– Что скажет король?! Что скажет король?!

Генрих сел на кровати и посмотрел на Шико, который, после ужина с его величеством, заснул в большом кресле, обвив ногами свою рапиру.

Шум усилился.

Генрих, весь лоснящийся от помады, соскочил с постели, крича:

– Шико! Шико!

Шико открыл один глаз – этот благоразумный человек очень ценил сон и никогда не просыпался с одного разу.

– Ах, напрасно ты разбудил меня, Генрих, – сказал он. – Мне снилось, что у тебя родился сын.

– Слушай! – сказал Генрих. – Слушай!

– Что я должен слушать?
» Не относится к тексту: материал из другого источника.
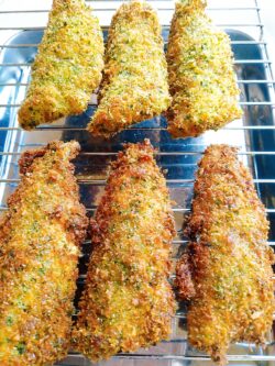 パン粉に青のりをまぶしてふっくらと揚げたアジフライです。身はふんわりと柔らかく、アジに下味がついているので青のりの香りで美味しくいただけます。レシピはこちら(楽天レシピ)

Уж кажется, ты днем достаточно глупостей мне говоришь, чтобы и ночи еще у меня отнимать.

– Разве ты не слышишь? – сказал король, протягивая руку в ту сторону, откуда доносился шум.

– Ого! – воскликнул Шико. – И в самом деле, я слышу крики.

– «Что скажет король?! Что скажет король?!» – повторил Генрих. – Слышишь?

– Тут должно быть одно из двух: либо заболела твоя борзая Нарцисс, либо гугеноты сводят счеты с католиками и устроили им Варфоломеевскую ночь.

– Помоги мне одеться, Шико.

– С удовольствием, но сначала ты помоги мне подняться, Генрих.

– Какое несчастье! Какое несчастье! – доносилось из передних.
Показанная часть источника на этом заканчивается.